# Code adapted from https://github.com/IST-DASLab/sparsegpt/blob/master/datautils.py

import random
from typing import List, Optional, Tuple, cast

import numpy as np
import torch
from torch import Tensor
from tqdm.auto import tqdm
from transformers import PreTrainedTokenizer

from datasets import load_dataset


# Wrapper for tokenized input IDs
class TokenizerWrapper:
    def __init__(self, input_ids):
        self.input_ids = input_ids


# Load and process wikitext2 dataset
def get_wikitext2(
    nsamples: int,
    seed: int,
    seqlen: int,
    tokenizer: PreTrainedTokenizer,
    data_path: str = "wikitext",
):
    """
    Load and preprocess the Wikitext-2 dataset for training and testing.

    Args:
        nsamples (int): Number of samples to generate from the training set.
        seed (int): Random seed for reproducibility.
        seqlen (int): Length of the sequence to be used for training.
        tokenizer (PreTrainedTokenizer): Tokenizer to encode the text data.
        data_path (str, optional): Path to the dataset. Defaults to "wikitext".
    """
    # Load train and test datasets
    traindata = load_dataset(data_path, "wikitext-2-raw-v1", split="train")
    testdata = load_dataset(data_path, "wikitext-2-raw-v1", split="test")

    # Encode datasets
    trainenc = tokenizer(" ".join(traindata["text"]), return_tensors="pt")
    testenc = tokenizer("\n\n".join(testdata["text"]), return_tensors="pt")

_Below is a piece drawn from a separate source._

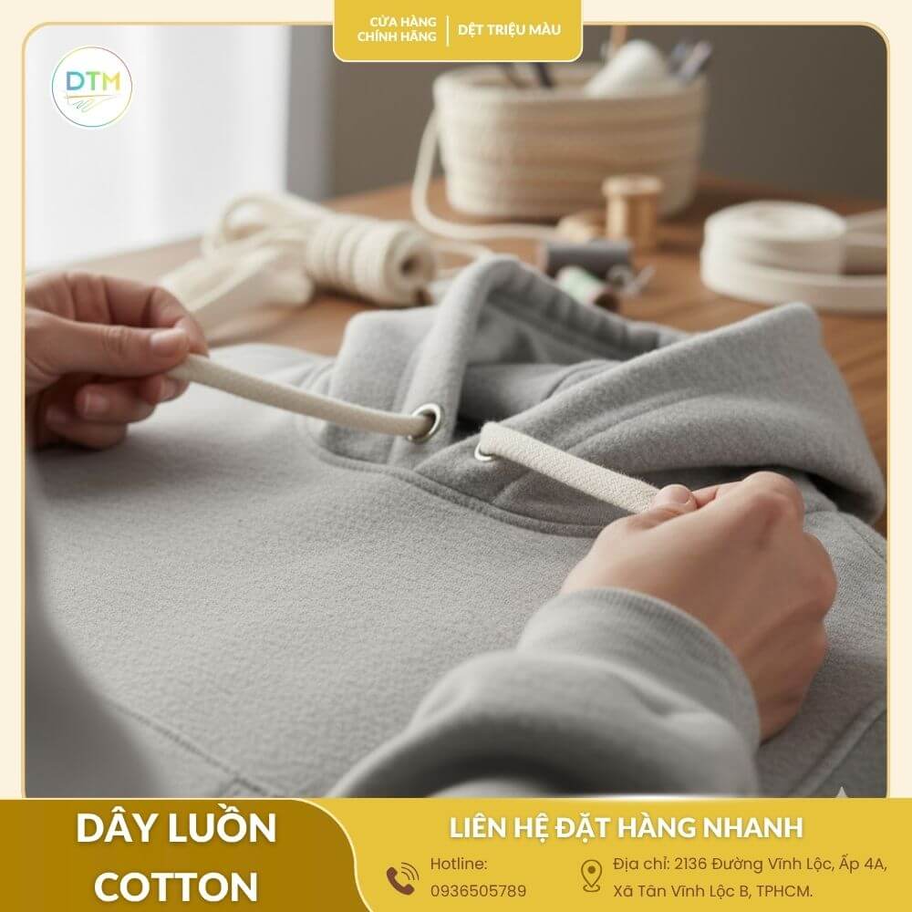 Dây cotton luồn áo là loại dây rút được làm từ sợi cotton tự nhiên, có đặc tính mềm mại, bền chắc và thân thiện với làn da. Trong ngành may mặc, cotton là chất liệu được ưa chuộng nhờ khả năng thấm hút tốt, tạo cảm giác dễ chịu khi sử dụng.

    # Generate samples from training set
    random.seed(seed)
    trainloader: List[Tuple[Tensor, Tensor]] = []
    for _ in tqdm(range(nsamples), desc="Generating samples"):
        i = random.randint(0, trainenc.input_ids.shape[1] - seqlen - 1)
        j = i + seqlen
        inp: Tensor = trainenc.input_ids[:, i:j]
        tar = inp.clone()
        tar[:, :-1] = -100
        trainloader.append((inp, tar))
    return trainloader, testenc


# Load and process c4 dataset
def get_c4(
    nsamples: int,
    seed: int,
    seqlen: int,
    tokenizer,
    data_path: str = "allenai/c4",
) -> Tuple[List[Tuple[Tensor, Tensor]], TokenizerWrapper]:
    """
    Load and process the c4 dataset.

    Args:
        nsamples (int): Number of samples to generate from the training set.
        seed (int): Seed for random number generation.
        seqlen (int): Length of each sequence.
        tokenizer: Tokenizer object for encoding the text.
        data_path (str, optional): Path to the c4 dataset. Defaults to "allenai/c4".

    Returns:
        tuple (Tuple[List[Tuple[Tensor, Tensor]], TokenizerWrapper]): Tuple containing the training samples and the validation dataset.
    """
    # Load train and validation datasets
    traindata = load_dataset(
        data_path,
        # "allenai--c4", # https://github.com/huggingface/datasets/issues/6559
        data_files={"train": "en/c4-train.00000-of-01024.json.gz"},
        split="train",
    )
    valdata = load_dataset(
        data_path,
        # "allenai--c4",
        data_files={"validation": "en/c4-validation.00000-of-00008.json.gz"},
        split="validation",
    )

    # Generate samples from training set
    if seed is not None:
        random.seed(seed)

    trainloader = []
    for _ in tqdm(range(nsamples), desc="Generating samples"):
        while True:
            i = random.randint(0, len(traindata) - 1)
            trainenc = tokenizer(traindata[i]["text"], return_tensors="pt")
            if trainenc.input_ids.shape[1] > seqlen:
                break
        i = random.randint(0, trainenc.input_ids.shape[1] - seqlen - 1)
        j = i + seqlen
        inp = trainenc.input_ids[:, i:j]
        tar = inp.clone()
        tar[:, :-1] = -100
        trainloader.append((inp, tar))

    # Prepare validation dataset
    valenc = tokenizer(" ".join(valdata[:1100]["text"]), return_tensors="pt")
    valenc = valenc.input_ids[:, : (256 * seqlen)]
    valenc = TokenizerWrapper(valenc)
    return trainloader, valenc


# Function to select the appropriate loader based on dataset name
def get_loaders(
    name: str, nsamples: int = 128, seed: int = 0, seqlen: int = 2048, tokenizer=None
):
    """
    Get the data loaders for the specified dataset.

    Args:
        name (str): The name of the dataset. Supported values are "wikitext2" and "c4".
        nsamples (int, optional): Number of samples to generate from the dataset. Defaults to 128.
        seed (int, optional): Random seed for reproducibility. Defaults to 0.
        seqlen (int, optional): Length of the sequence to be used for training. Defaults to 2048.
        tokenizer (optional): Tokenizer to encode the text data. Defaults to None.
    """
    if "wikitext2" in name:
        return get_wikitext2(nsamples, seed, seqlen, tokenizer)
    if "c4" in name:
        return get_c4(nsamples, seed, seqlen, tokenizer)
    raise ValueError(f"Unknown dataset: {name}")